→ Supplied information:
_ _ _ _ _ _ _

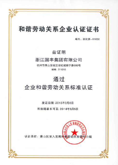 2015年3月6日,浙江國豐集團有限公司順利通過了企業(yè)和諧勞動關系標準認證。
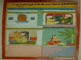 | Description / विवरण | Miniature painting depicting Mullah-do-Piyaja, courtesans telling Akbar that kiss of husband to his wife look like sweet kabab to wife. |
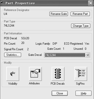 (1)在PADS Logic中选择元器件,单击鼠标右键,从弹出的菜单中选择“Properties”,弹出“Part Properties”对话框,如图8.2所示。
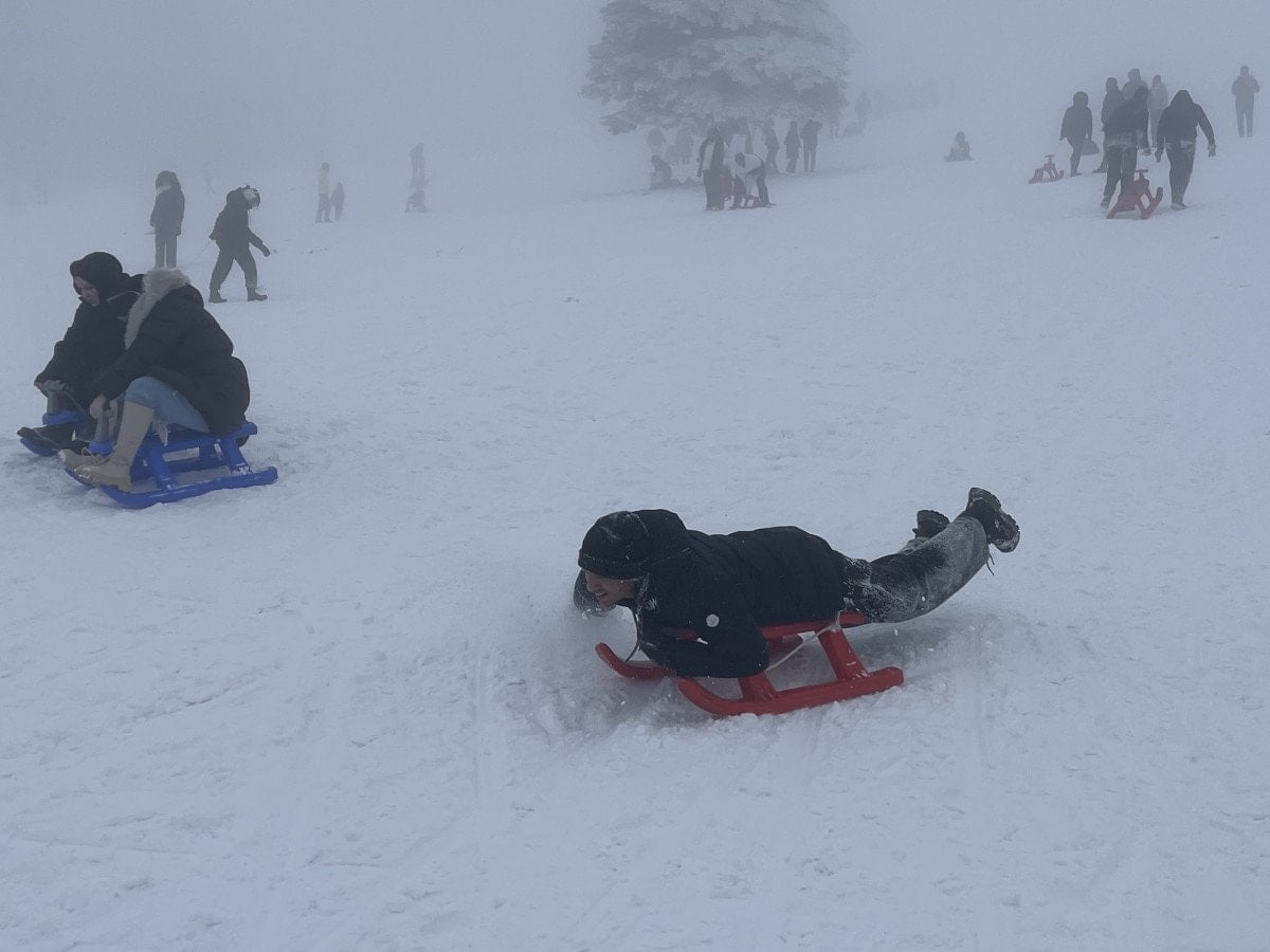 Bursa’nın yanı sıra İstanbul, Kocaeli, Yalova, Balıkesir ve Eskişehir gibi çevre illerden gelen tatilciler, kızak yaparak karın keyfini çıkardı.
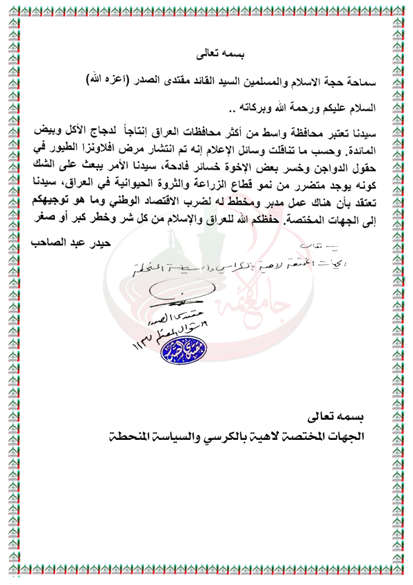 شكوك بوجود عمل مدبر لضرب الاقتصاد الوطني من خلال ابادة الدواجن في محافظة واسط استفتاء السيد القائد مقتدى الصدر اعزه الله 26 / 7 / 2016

_ _ _ _ _ _ _

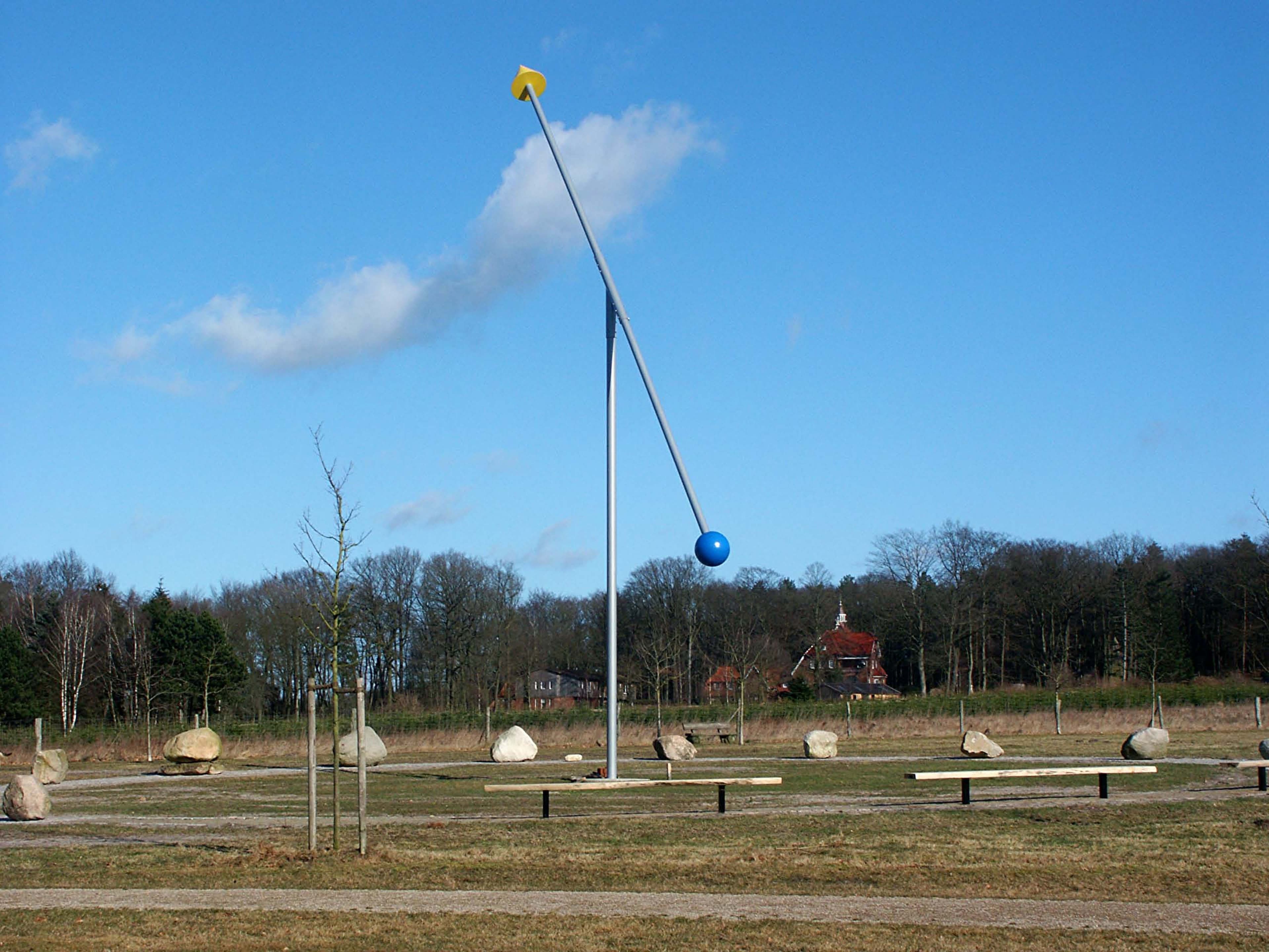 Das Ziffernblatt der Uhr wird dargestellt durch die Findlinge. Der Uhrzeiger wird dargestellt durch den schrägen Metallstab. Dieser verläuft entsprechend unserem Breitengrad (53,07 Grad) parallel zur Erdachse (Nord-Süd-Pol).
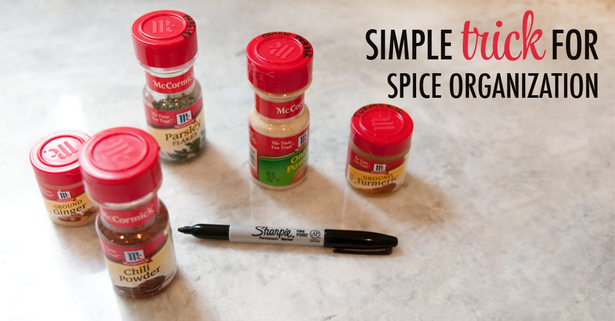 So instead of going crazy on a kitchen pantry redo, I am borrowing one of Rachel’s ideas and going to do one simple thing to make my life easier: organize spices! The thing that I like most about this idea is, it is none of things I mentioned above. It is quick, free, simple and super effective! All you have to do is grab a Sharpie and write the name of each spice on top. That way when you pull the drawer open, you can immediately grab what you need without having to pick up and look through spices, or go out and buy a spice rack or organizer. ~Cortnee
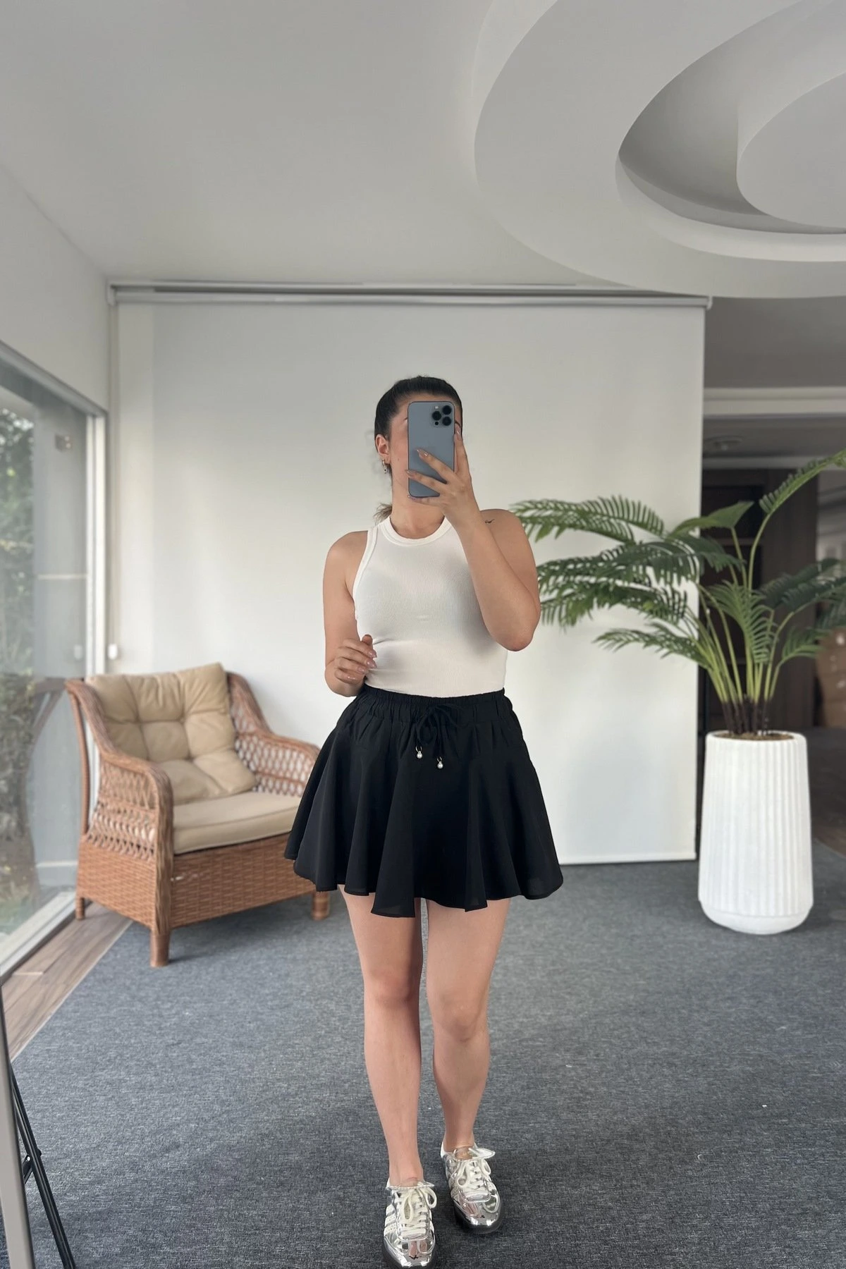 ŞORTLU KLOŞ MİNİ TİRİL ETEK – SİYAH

_ _ _ _ _ _ _

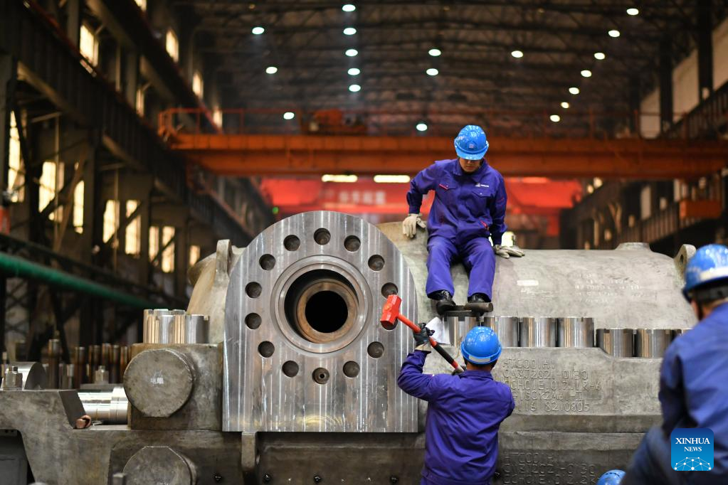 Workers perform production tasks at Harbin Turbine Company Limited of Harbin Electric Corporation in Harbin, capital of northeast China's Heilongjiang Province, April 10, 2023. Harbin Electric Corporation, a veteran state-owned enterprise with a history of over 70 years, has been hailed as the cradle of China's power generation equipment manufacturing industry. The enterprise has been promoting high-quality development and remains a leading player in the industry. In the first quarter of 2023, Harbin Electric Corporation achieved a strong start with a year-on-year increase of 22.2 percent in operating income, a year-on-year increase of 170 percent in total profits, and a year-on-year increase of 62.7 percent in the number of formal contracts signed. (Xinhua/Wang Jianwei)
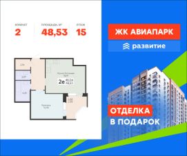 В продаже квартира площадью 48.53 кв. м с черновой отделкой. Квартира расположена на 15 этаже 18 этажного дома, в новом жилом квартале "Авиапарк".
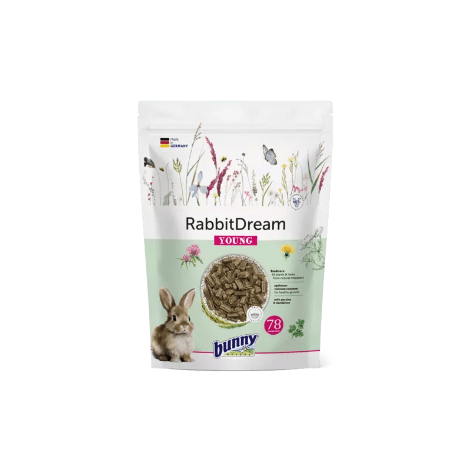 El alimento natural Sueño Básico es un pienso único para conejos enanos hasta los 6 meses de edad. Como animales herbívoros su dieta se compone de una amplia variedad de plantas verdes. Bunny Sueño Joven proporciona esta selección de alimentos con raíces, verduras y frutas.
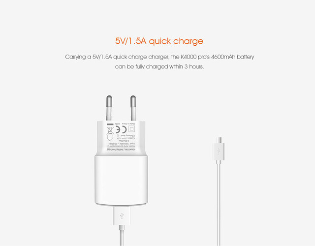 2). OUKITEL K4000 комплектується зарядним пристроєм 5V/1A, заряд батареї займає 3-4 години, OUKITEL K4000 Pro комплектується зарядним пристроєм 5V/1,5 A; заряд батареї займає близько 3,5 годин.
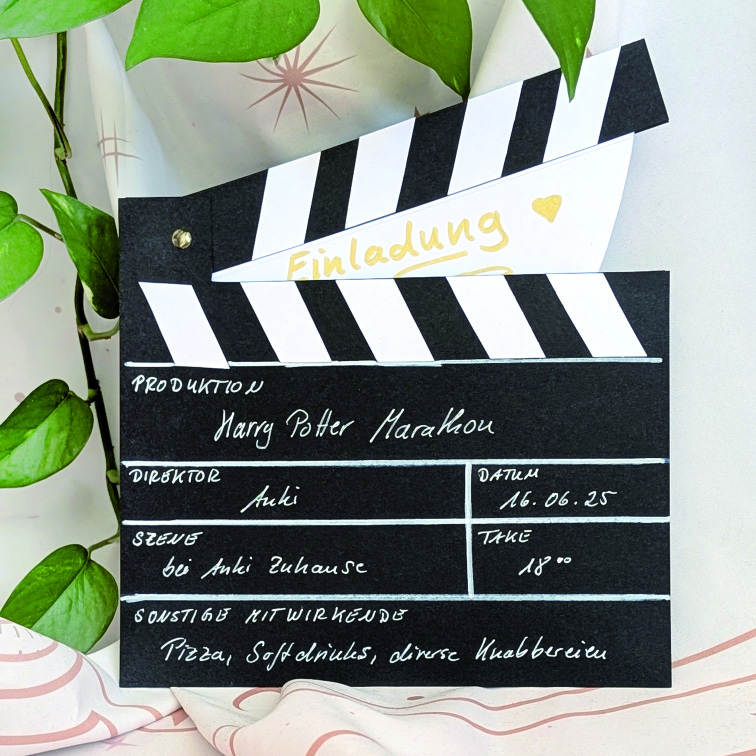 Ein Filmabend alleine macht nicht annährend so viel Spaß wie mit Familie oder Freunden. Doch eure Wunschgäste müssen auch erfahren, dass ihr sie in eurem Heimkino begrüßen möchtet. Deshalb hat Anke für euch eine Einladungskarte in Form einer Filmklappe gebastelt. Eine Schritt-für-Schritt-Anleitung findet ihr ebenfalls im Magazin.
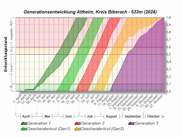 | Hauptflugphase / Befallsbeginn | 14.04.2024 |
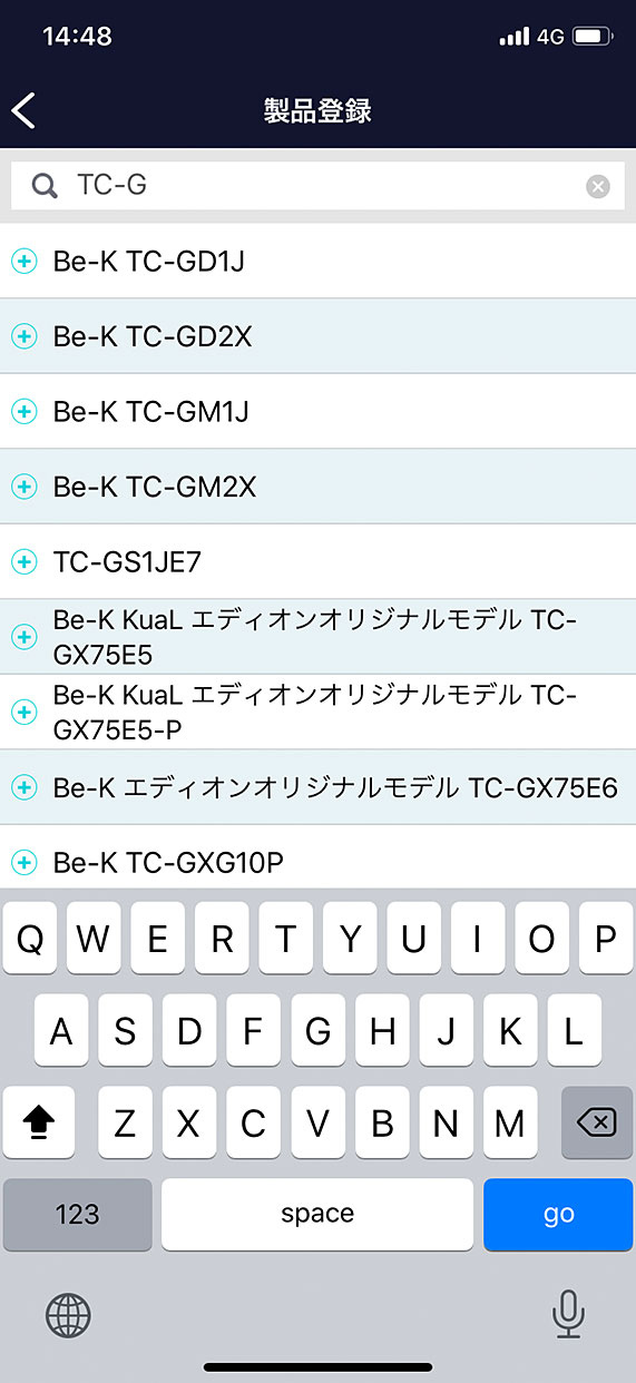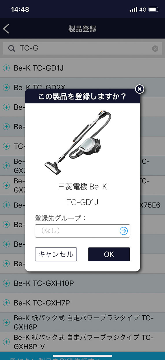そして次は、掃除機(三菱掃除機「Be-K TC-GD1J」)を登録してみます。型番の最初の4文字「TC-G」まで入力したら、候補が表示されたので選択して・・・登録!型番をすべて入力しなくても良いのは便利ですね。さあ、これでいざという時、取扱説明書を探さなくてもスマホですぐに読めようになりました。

_ _ _ _ _ _ _

Leaving out all pictures, set down exactly the lines of the material above, from the line with "Befallsbeginn | 14.04.2024 |" to the line with "そして次は、掃除機(三菱掃除" inclusive, and no others.

 | Hauptflugphase / Befallsbeginn | 14.04.2024 |
そして次は、掃除機(三菱掃除機「Be-K TC-GD1J」)を登録してみます。型番の最初の4文字「TC-G」まで入力したら、候補が表示されたので選択して・・・登録!型番をすべて入力しなくても良いのは便利ですね。さあ、これでいざという時、取扱説明書を探さなくてもスマホですぐに読めようになりました。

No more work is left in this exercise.